You can do some amazing work with machine learning. Predict how many crimes will occur in a city in a timeframe, based on historical data. Identify signs of diabetic retinopathy in eye images to help diagnose the disease in areas with limited access to doctors. Discover correlations between driving patterns and the need for car maintenance. These are the kind of apps that win hackathons and get featured in the news!
In this blog post, I want to give you 10 easy steps to get up and running with Azure Machine Learning. (Steps 1 and 2 could be done in advance of the hackathon, and some of the steps at the end are optional.)
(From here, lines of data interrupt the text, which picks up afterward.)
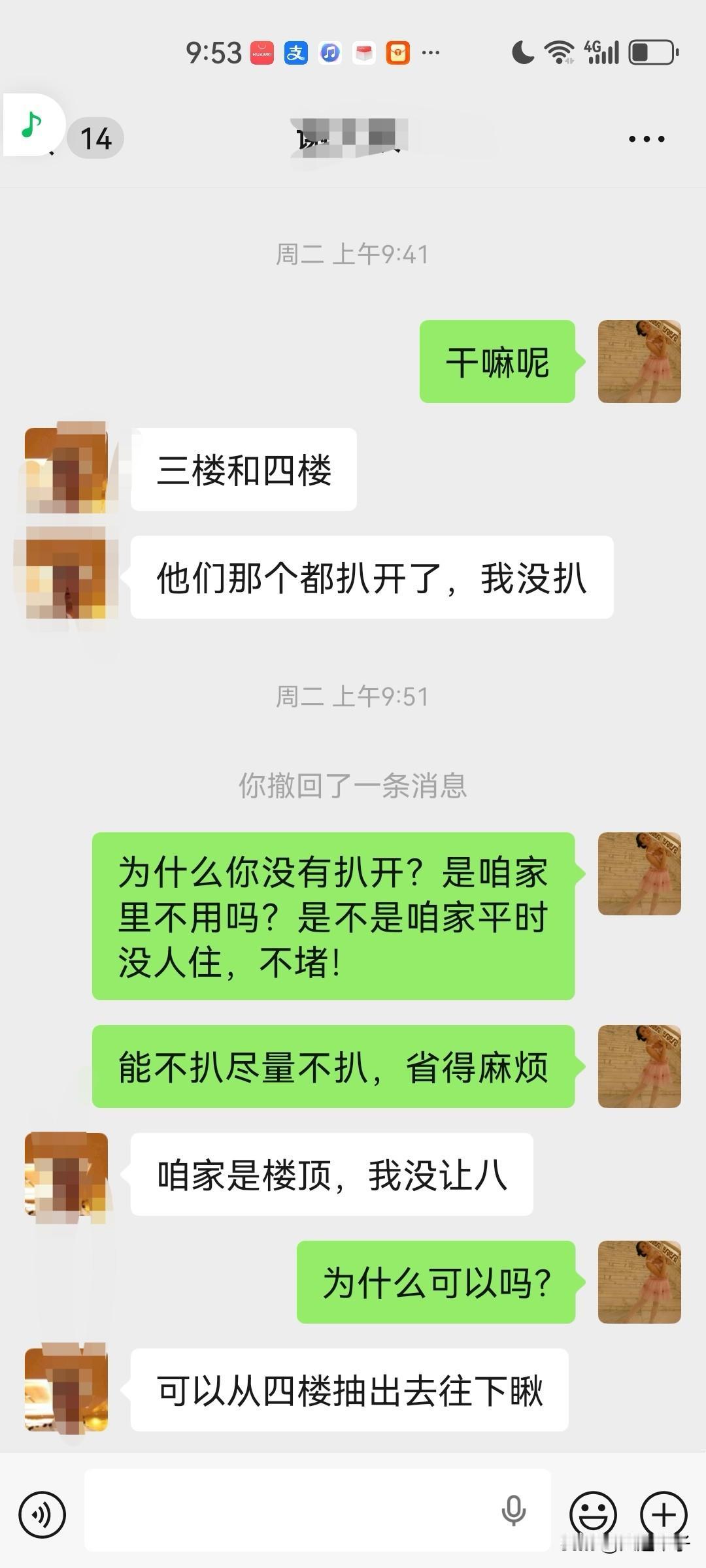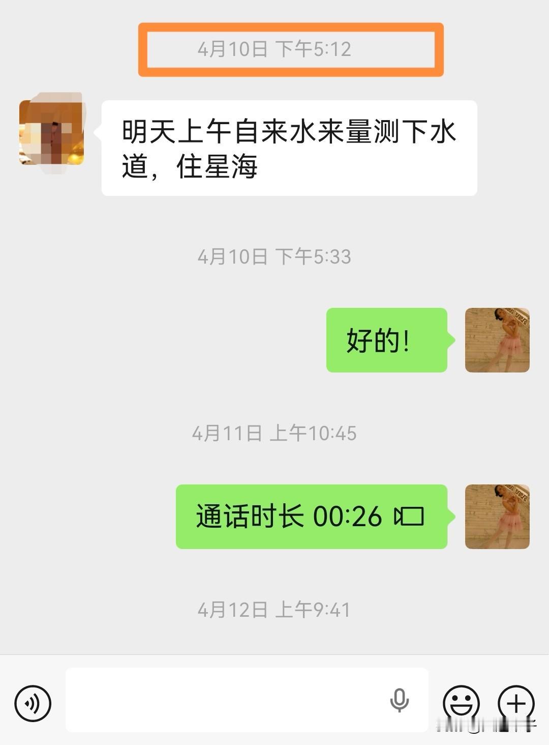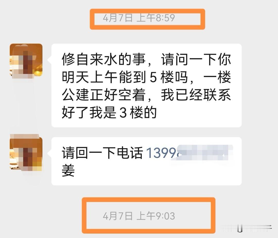 邻居和我家先生沟通, 4 月 7 日,轮到我家这个单元换管线和水表。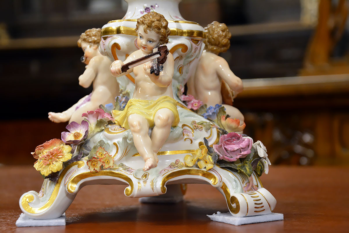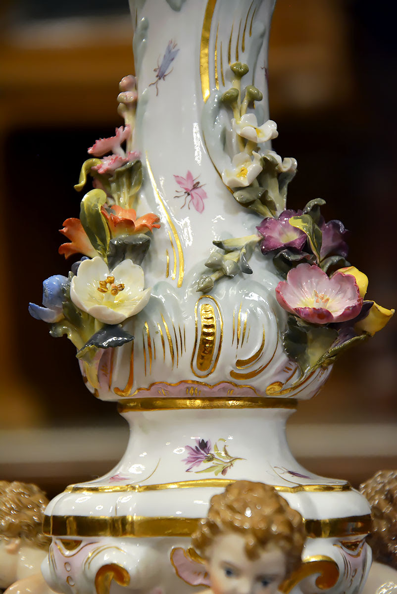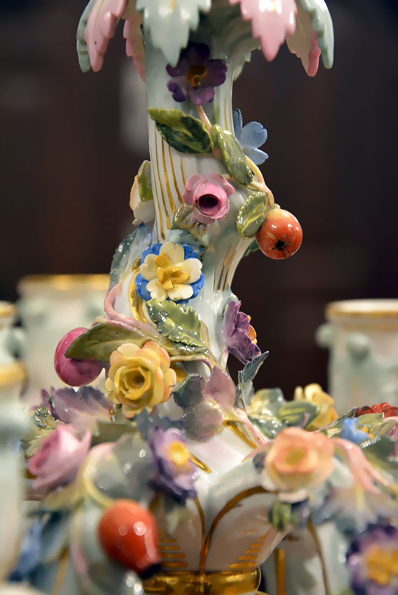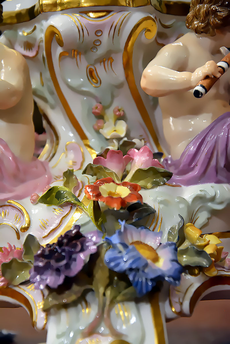 Niezwykła precyzja wykonania dekoracji kwiatowych i rzeźb figuralnych świadczy o najwyższym kunszcie projektanta oraz mistrzów porcelany miśnieńskiej.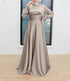 Our Jameelah Beige Satin made with premium quality Satin is perfect for family functions, evening outings special dinners and wedding guest dress. it features a ruched waistband and cuff, round neckline and fit and flare silhouette.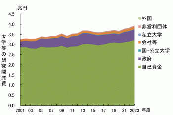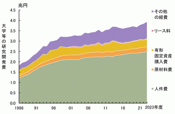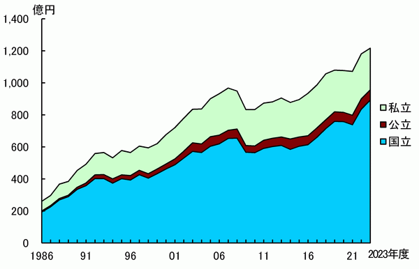 自然科学分野における研究開発費は2023年度において全体で2.7兆円、うち国立1.3兆円、公立0.2兆円、私立1.1兆円となり、国立大学が半数を占める。国公私立大学ともに、1990年代中頃まで研究開発費の伸びは続いた。その後、国立大学の伸びは鈍化し、約1.2兆円で推移していたが、近年増加している。私立大学については増加傾向が続いている。また、公立大学は2010年代に入って増加傾向にある。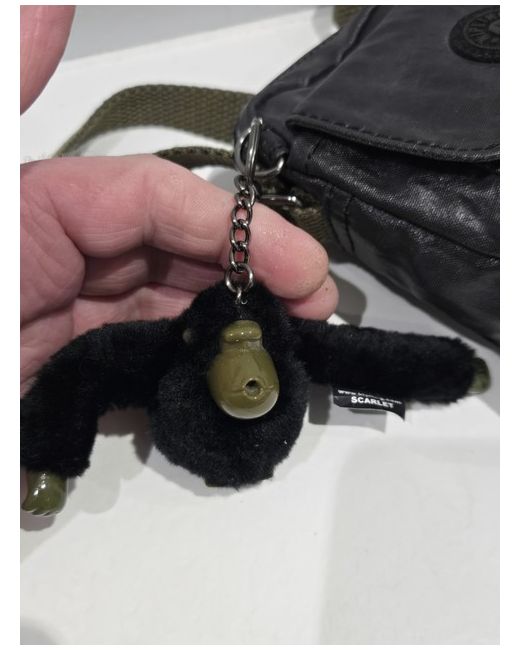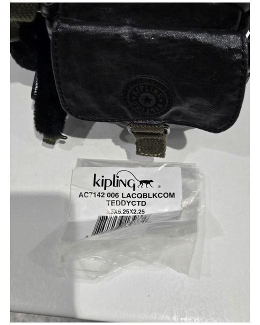 This Kipling shoulder bag is medium-sized with dimensions of 10 cm width, 16 cm height, and 10 cm depth. It features a zip closure, green handle/strap, and a grey nylon lining. Made of black nylon with silver hardware, the bag has pockets and comes with a bag charm. Ideal for casual occasions, it is a stylish accessory for women.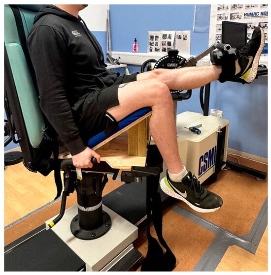 Participants were seated on an isokinetic dynamometer in a hip-flexed position, which has been shown to allow for a sufficient stretch of the hamstrings [27] (Figure 5). To achieve this position, the angle between the backrest and seat of the isokinetic dynamometer was set to 60°, with hip and chest straps used to prevent additional movement. The lateral epicondyle of the knee was aligned with the axis of rotation of the lever arm of the isokinetic dynamometer. To aid the set up and to identify bony landmarks, the participants were required to wear shorts for testing visits. The seating position setup was recorded on the first visit and replicated for all subsequent visits. The participants’ dominant leg was then passively extended by the primary investigator to 120% greater than the angle achieved in the pre-intervention ROM test (see Section 4.5); this position was then held for 30 s, with the participants being instructed to relax. Immediately following the 30 s stretch, the participants were asked to mark on a 100 mm visual analogue scale how they perceived the stretch from “No pain at all” to “worst pain imaginable”. For data interpretation, the participant’s mark was measured from 0 to 100 mm, with the interpretation that the higher the score, the higher the participant’s rated intensity of the stretch.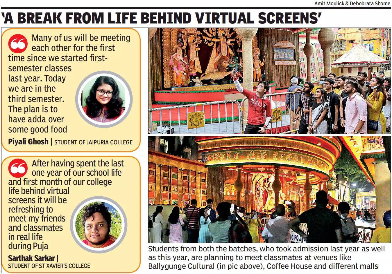 KOLKATA: Rohini Datta, a first-year student, has a special meet-up on Saptami. She will be meeting her classmates in person at Indian Coffee House on College Street for the first time since getting admission in college two months ago.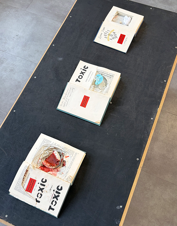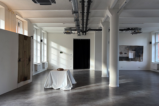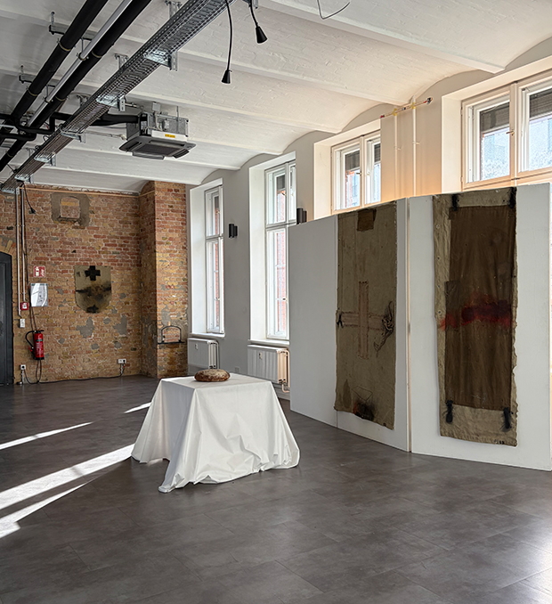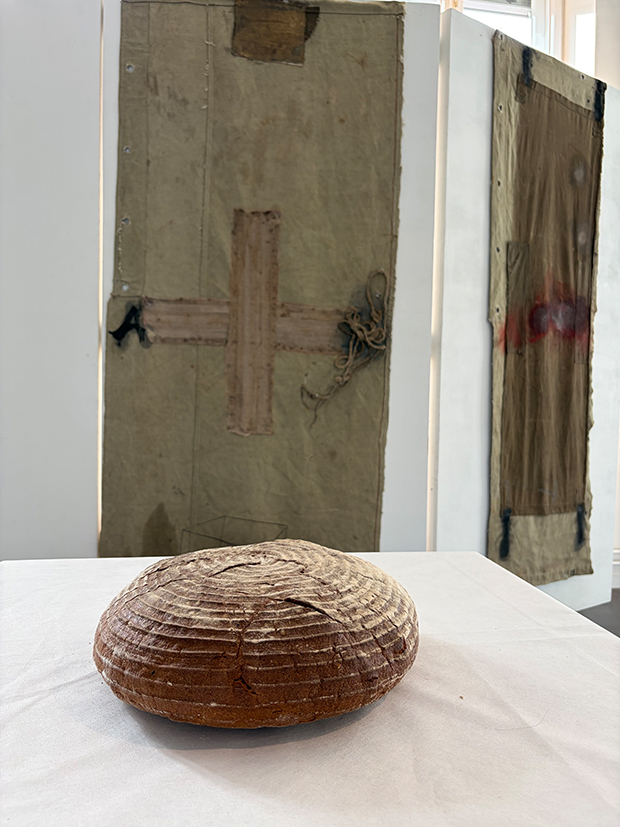 Центральна інсталяція «Причастя» перетворює українську землю на сакральне тіло — поранене, але живе, святе. Усі серії робіт — Radiation, Black Sea, Toxic, Marauders — досліджують наслідки травми, але також показують її як шлях до воскресіння.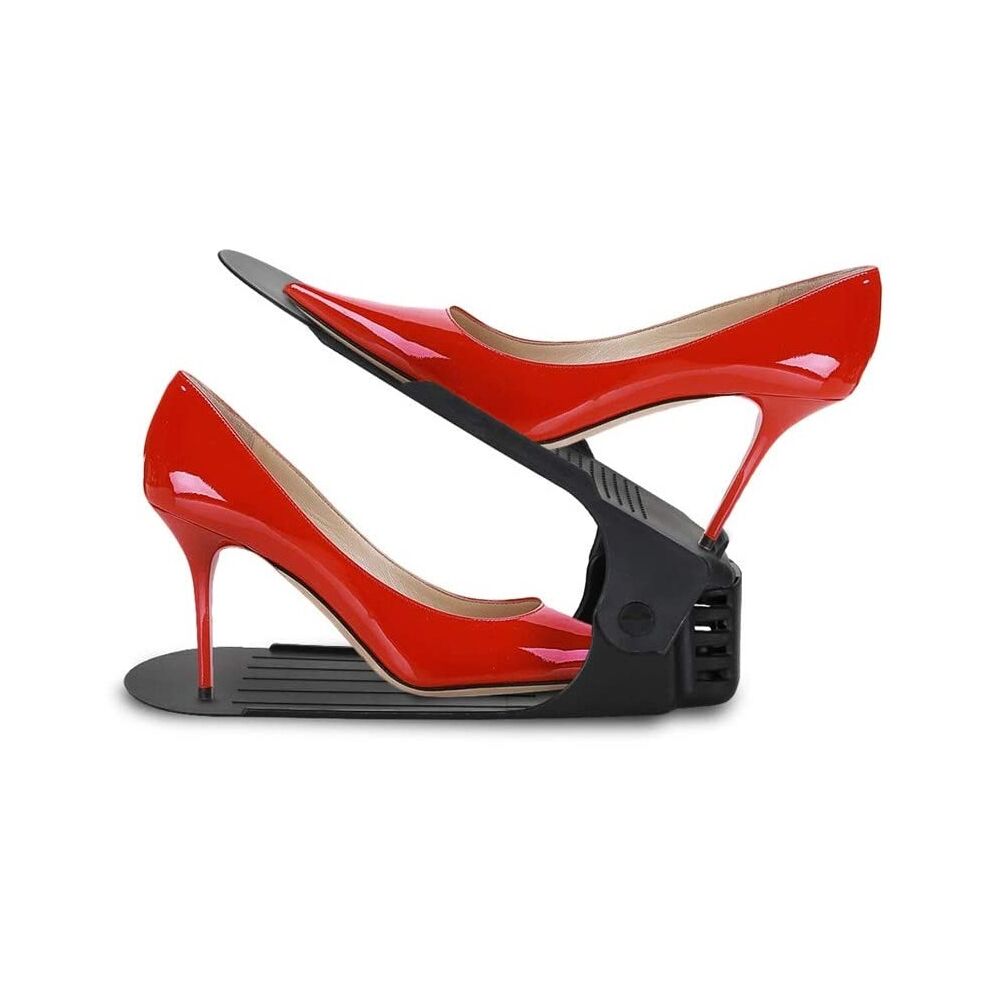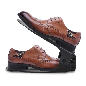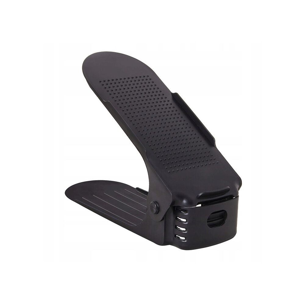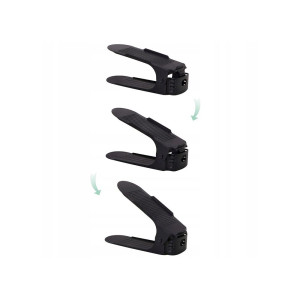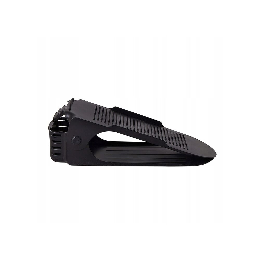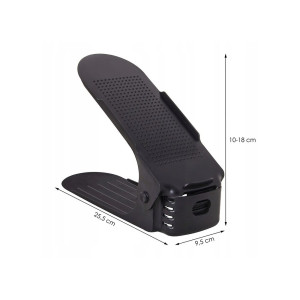 Plastový držák na obuv, se kterým ušetříte polovinu místa a v botníku budete mít opět dokonalý přehled a pořádek. Vhodný pro většinu typů obuvi do velikosti 43. Organizér nejen šetří místo, ale i chrání boty před poškozením a ušpiněním. Protiskluzový povrch, zarážky a nastavitelná výška.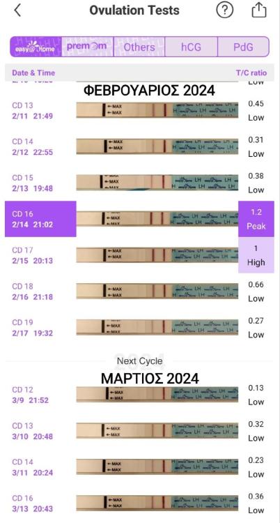 3. Καλησπέρα κορίτσια κι από μένα! Λοιπόν αυτός ο κύκλος είναι πολύ περίεργος μέχρι στιγμής 😅 16η μέρα κι ακόμα τα τεστ ωορρηξίας είναι αχνά, ενώ στους προηγούμενους κύκλους, τέτοια μέρα είτε είμαι πολύ κοντά στο πικ ή ακριβώς στο πικ (φωτό). Βεβαία ίσως παίζει ρόλο που έκανα τη σαλπιγγογραφια τη 10η μέρα του κύκλου και οι βιταμίνες μυο-ινοσιτολης που ξεκίνησα 1 μήνα πριν 🤷‍♀️ Σήμερα έχω κάτι πονάκια μια στην αριστερή ωοθήκη, μια στην δεξιά... Ίσως αύριο 🤞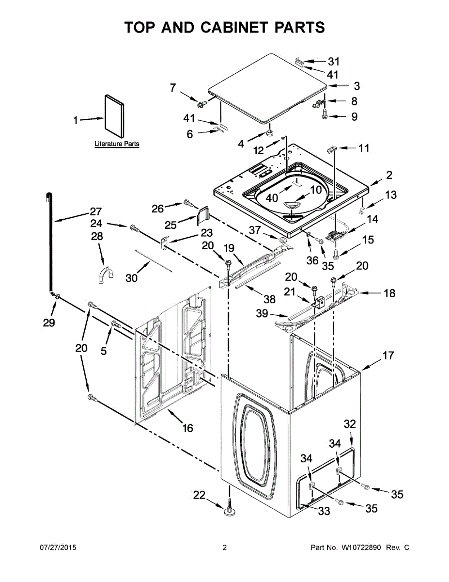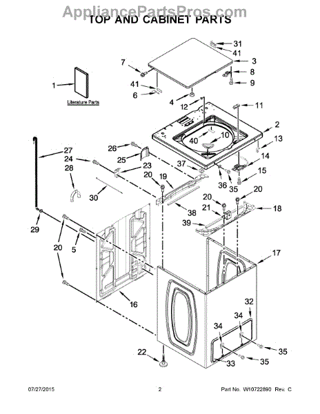 Parts for Maytag MVW18PRBWW0: 02 - Top And Cabinet Parts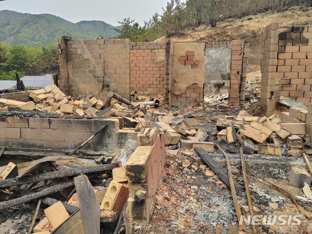[고성(강원)=뉴시스] 장경일 인턴기자 = 지난 1일 강원도 고성군에서 발생한 큰불로 산림 85㏊가 소실된 화재 사건의 원인 규명을 위한 경찰의 2차 현장 감식이 진행된 7일 오후 불이 처음 시작된 고성군 토성면 도원리 산195-4 주택이 화마의 열기에 무너져 내린 모습이 처참하다. 2020.05.07.

Step 1: Set up an Azure account.
My teammate Joe Healy has listed the ways to get Azure. The easiest option to try is out for free is the free trial. But if you have an MSDN subscription, you can get free Azure credit with that. Startups can get free Azure credit through BizSpark. Students get some Azure with DreamSpark, but currently the Azure Machine Learning functionality isn’t included in this offer…check out this “Azure Machine Learning for Teaching” blog post for other options (near the bottom):
- There is a free tier that includes 10GB of Azure storage for our datasets, and ability to build Azure ML experiments for an hour with up to 100 modules. Get started with this here.
- Azure for Education is for Faculty running courses using Azure, including Azure ML. Each student receives $100 of Azure credit per month, for 6 months. The Faculty member receives $250 per month, for 12 months. You can apply anytime at http://www.microsoftazurepass.com/azureu.
- Azure Machine Learning for Research is for University Faculty running data science courses who may need greater amounts of Azure storage and additional services such as HDInsight (Hadoop and Spark) or DocumentDB (NoSQL). Proposals are accepted every two months, you can find out more and apply at http://research.microsoft.com/en-us/projects/azure/ml.aspx.
Step 2: Work through the intro tutorial.
The Azure machine learning team provided a very nice walkthrough tutorial which covers a lot of the basics. I highly recommend going through that once. It takes you through the entire process of creating an AzureML workspace, uploading data, creating an experiment to predict someone’s credit risk, building, training, and evaluating the models, publishing your best model as a web service, and calling that web service.
Step 3: Find interesting data with which to work.
Now you need to learn how to import a data set into Azure Machine Learning, and where to find interesting data to build something amazing at your hackathon. You can upload local data (like a .csv file) from your machine or access data from elsewhere on the internet (like an OData feed provider). I cover both of these topics in detail in blog and video format, so enjoy in whatever format you prefer. (Spoiler alert: my favorite sources of data are Kaggle, Data.gov, and the UCI machine learning repository.)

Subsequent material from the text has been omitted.